I don’t think my intense work ethic is bad. Not at all. It’s one of the best things about me. I am loyal AF to something I say I will do and earn everything I have. That means a lot to me and always will.

I just want to work on working better. Saying no to good opportunities and only taking great ones, for example. Making space for more personal goals and being clear on what those are. Really working on being a better partner and friend and a person who lives every day aligned to her values. Etc.

New-age woo-woo story alert: So, last fall after my art show, I did this meditation where you were supposed to envision your highest self. Then, you were to imagine this highest self presenting you with something you needed. A gift, if you will.

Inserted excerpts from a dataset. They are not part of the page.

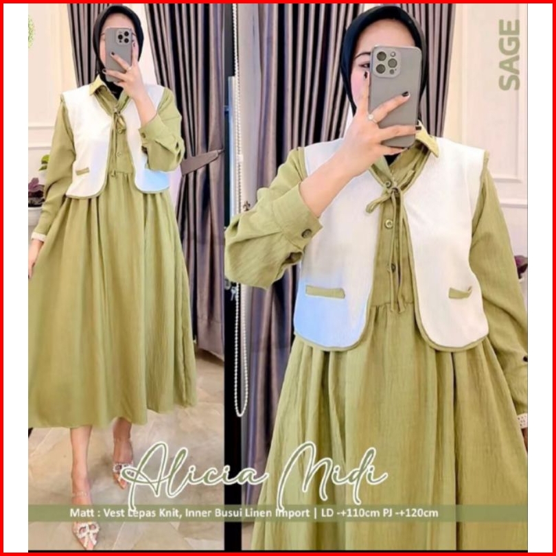 Gamis Rompi Vidia Dress Cringkle Premium Gamis Wanita Gamis Susun Premium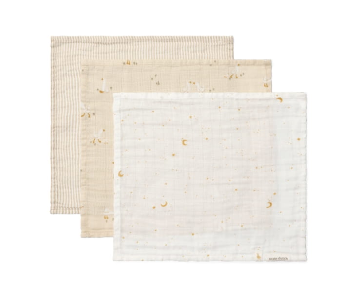 Chusteczki muślinowe Little Goose od Little Dutch wykonane w 100% z organicznej bawełny. Miękkie, chłonne i delikatne dla wrażliwej skóry dziecka, idealne do pielęgnacji, karmienia i zabawy. Zestaw 3 sztuk w stylowych wzorach.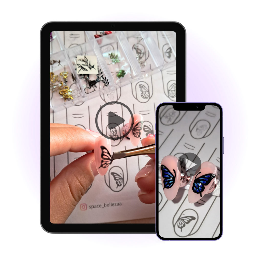 Solo necesitas imprimir tus plantillas, un fólio, esmalte semipermanente/gel painting tus liners, top coat y una cabina, con eso ya puedes crear tus diseños en minutos.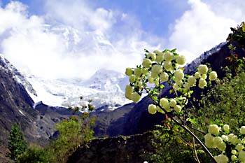 カラコルムハイウェイの休憩所から見上げる名峰ラカポシ(7788m) <撮影・ワイルド・ヘボピー>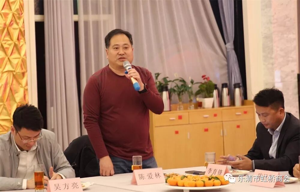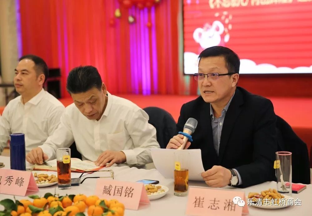 商会副会长李育锋向大家拜了个早年,他分享了虹桥农业银行在2019年的情况,指出在国内外各种因素情况下,国家推出了一系列服务民营企业的政策,希望在2020年大家能够增多了解,及时沟通惠企政策,给予大家更多在金融方面的支持。
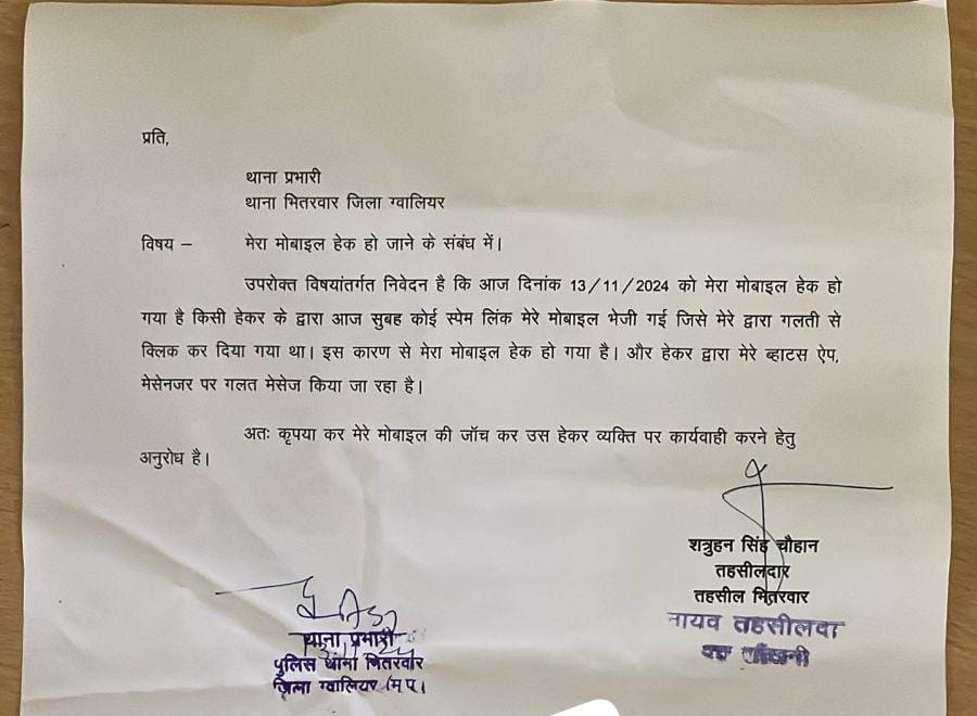 बता दें कि भितरवार में पदस्थ तहसीलदार शत्रुघ्न सिंह चौहान साइबर ठगी के शिकार हुए हैं. दरअसल, उसके मोबाइल पर एक स्पैम मैसेज आया था और उसने गलती से लिंक क्लिक हो गया. जिसके बाद मोबाइल हैंक हो गया और अकाउंट से 61000 रुपये गायब हो गए. जिसके बाद उन्होंने तुरंत थाने पहुंचे और आवेदन देकर शिकायत की. फिलहाल, पुलिस इस मामले में वैधानिक कार्रवाई कर रही है.

In my vision, my highest self (lookin’ sexay in a white toga because I guess that’s how my mind works?) presented me with… a jug. A freakin’ jug! I was like, ugh, my highest self is one cheap bitch. What is this supposed to mean? I thought maybe water. Like I was thirsty at the moment (highest selves being quite practical), but in hindsight, I think it represents a couple important things: 1) taking a time-out to re-energize and 2) connecting with others over a new drink (ie. I don’t need to hide anymore… I can hang out with people sober and just drink water).

After this meditation, I also kept seeing jugs in artworks everywhere! Particularly in still life paintings, where the message is obvious — be still for bit, Mantey. But also in paintings where the jug was meant to represent community (a jug being something you have on the table when you have people over). I like that one and I think it’s important. I think Year Four will mean coming outside of myself more, now that I’m ready, and connecting with other people in better, more honest ways than ever before.

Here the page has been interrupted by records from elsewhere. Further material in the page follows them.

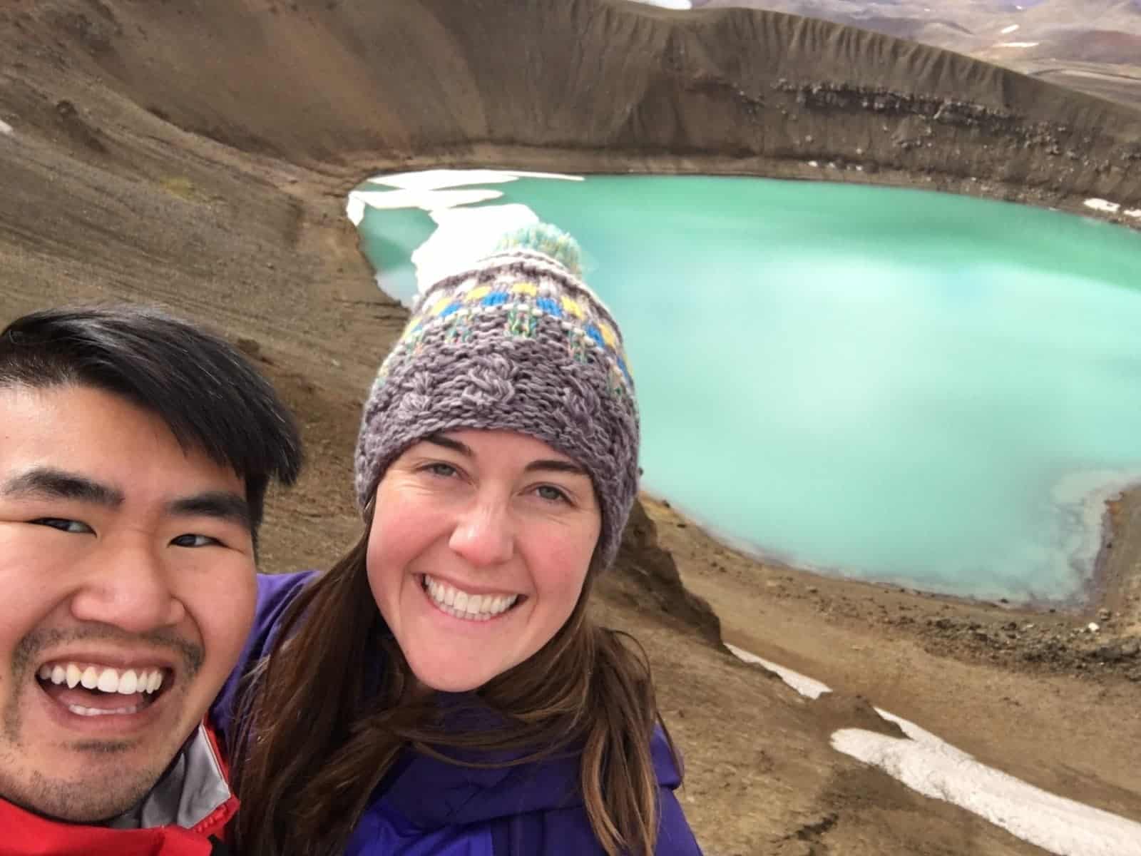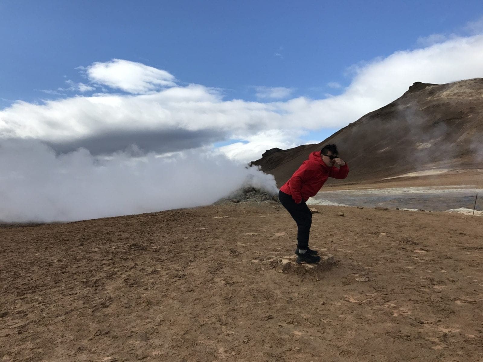 Unfortunately, the road north to the Ásbyrgi Canyon was closed so rather than head north, we headed back into the Lake Mývatn area. When we first arrived at the Krafla volcano, we were met with the sounds of people clapping their boots and one of the thermal vents screeching to the heavens. We hopped out and made our way up to the top of the crater and found a gigantic pool of water not dissimilar to the water we swam in the night before. By the time we got back to the camper van, we looked at our boots and realized that the clapping was not for Vin’s incredible ability to back the van into a parking spot, but for half the crater we took back on our boots.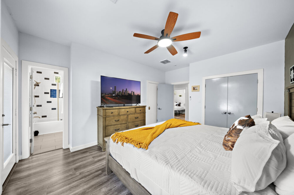 • Primary bedroom: Second floor, king-sized bed, smart TV, bedside table + lamp, closet + dresser + ensuite bathroom + balcony w/seating area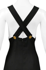 Resurrection Vintage is excited to offer a vintage Christian Lacroix black Hollywood dress featuring gold textured rods at front, a sweetheart neckline, criss-cross straps at back, detailed gold buttons at backcrosses, 3/4 length, a dramatic slit on right leg, thick shoulder straps, and zipper at back.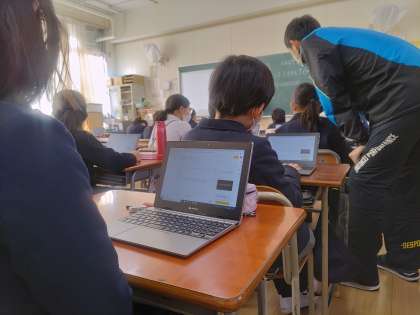 先方の小学生に、3択クイズを出すためスライド作りの練習をしています。ICT支援員さんにもお手伝いしていただいています。

I have three ideas for how to achieve this all in Year Four. Recovering workaholics still need a plan:

  • Hustle with intention. I want to focus on the writing I’ve been planning for a while now but have been pushing to the back burner out of fear. Fear of it not being good enough, and also fear of not taking any paying job that’s offered me (even if I have five others lined up… oy). I want to focus on saying no to things, and I don’t just mean work that is unrelated to my creative writing. I mean saying no to, for example, taking a class that’s wrong for me or taking the time to read a book about craft just because I’m afraid to actually do the work.
  • Take the emotion out of most decision making. Blah. How many decisions do we make or how many worries do we focus on simply because we are afraid or trying to distract ourselves from some deeper truth? I want to be strategic and responsive, instead of reactive and unreasonable about my time and energy and interests. I want to look at choices as only that: Choices with pros and cons (not right or wrong, black or white, life-changing or life-threatening). Choices that I consider and make a logical decision about based on truth, not feeling. Contingency relationships with an if/ then approach.
  • Rest. Unapologetically. If I need time, I’m going to not only ask myself for it, but give it. I’m the one who puts myself in these overwhelming situations, for reasons that run the same deep paths that my excessive drinking did. I’ve learned a lot about boundaries the last three years, and I think this year will be about learning to put boundaries on my restlessness, which presents itself as ambition but is actually insecurity and a short-term escapism disguised as a “good idea.” Acting lovingly toward myself and my people is the better idea. Always.
And let’s have some fun, Year Four, shall we?